• [Action item]: Return exactly, with nothing added, the lines from the one that contains "IMAGEM (16,5X8 CM)" through the end of the listing below, pictures excluded.

• [Information shown]:
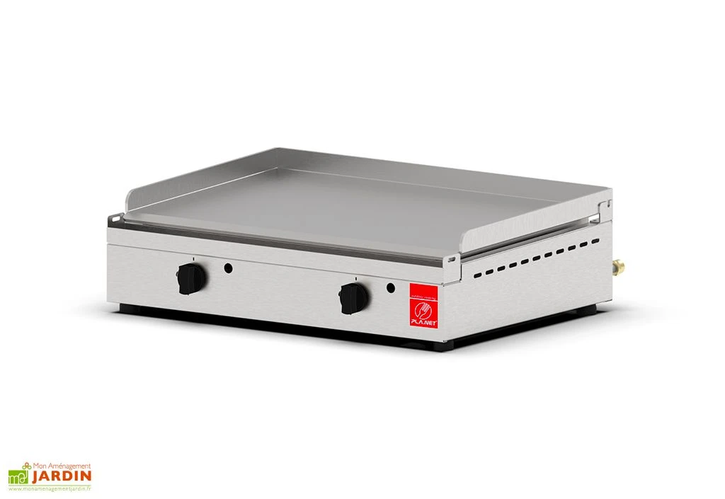 La plancha à gaz Alfa 600 de chez Pla.Net est livrée accompagnée d’un chariot de transport sur roulettes et d’une housse de protection sur mesure. Elle est équipée d’une plaque lisse en inox de 5 mm d’épaisseur offrant une surface de cuisson de 40 x 60 cm, selon deux zones. Cette plaque de cuisson permet par ailleurs la découpe et ne modifiera jamais le goût de vos aliments.
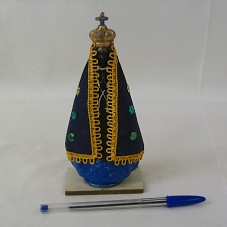IMAGEM (16,5X8 CM) DE NOSSA SENHORA APARECIDA, EM RESINA, COM A BASE EM MADEIRA (7,5X5 CM). POSSUI MANTO EM VELUDO AZUL MARINHO, COM DETALHES DOURADOS, FLORES E FOLHAS EM MIÇANGAS E LANTEJOULA. POSSUI PAPEL COLADO COM A INSCRIÇÃO 'N.SRA.APARECIDA / GUARDE ESTA CASA'.
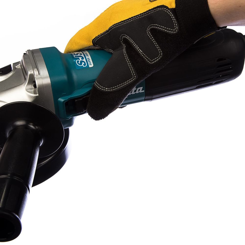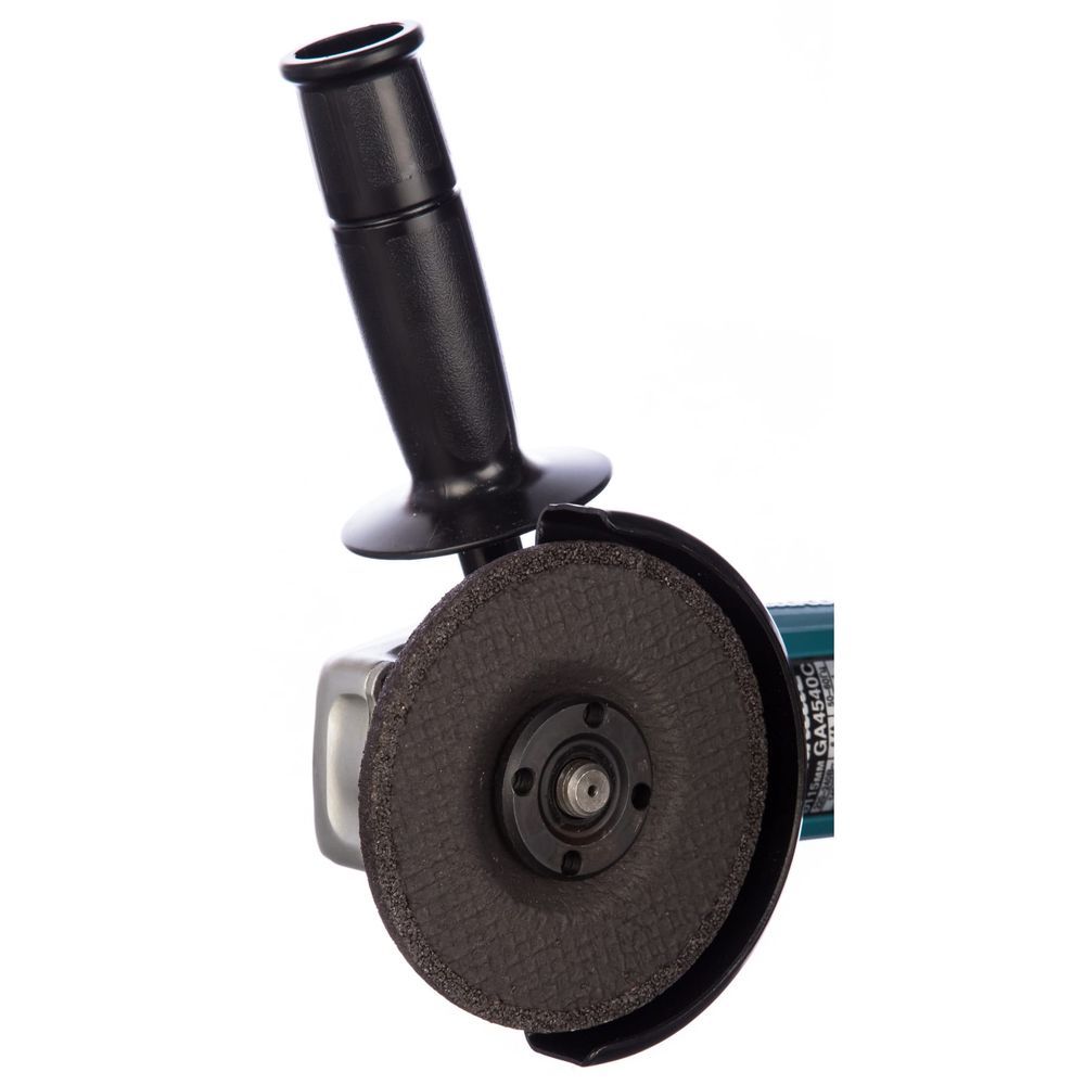Конструкция УШМ Makita GA4540C выверена до мелочей, ведь опыт производства такого инструмента у японской компании огромен. При массе 2,5 кг и длине порядка 30 см агрегат прекрасно сбалансирован по весу и удобно лежит в руке. Так же удобна и боковая рукоятка (она входит в комплект поставки), которую можно установить с любой стороны.

• [Response for this exercise]:
IMAGEM (16,5X8 CM) DE NOSSA SENHORA APARECIDA, EM RESINA, COM A BASE EM MADEIRA (7,5X5 CM). POSSUI MANTO EM VELUDO AZUL MARINHO, COM DETALHES DOURADOS, FLORES E FOLHAS EM MIÇANGAS E LANTEJOULA. POSSUI PAPEL COLADO COM A INSCRIÇÃO 'N.SRA.APARECIDA / GUARDE ESTA CASA'.
Конструкция УШМ Makita GA4540C выверена до мелочей, ведь опыт производства такого инструмента у японской компании огромен. При массе 2,5 кг и длине порядка 30 см агрегат прекрасно сбалансирован по весу и удобно лежит в руке. Так же удобна и боковая рукоятка (она входит в комплект поставки), которую можно установить с любой стороны.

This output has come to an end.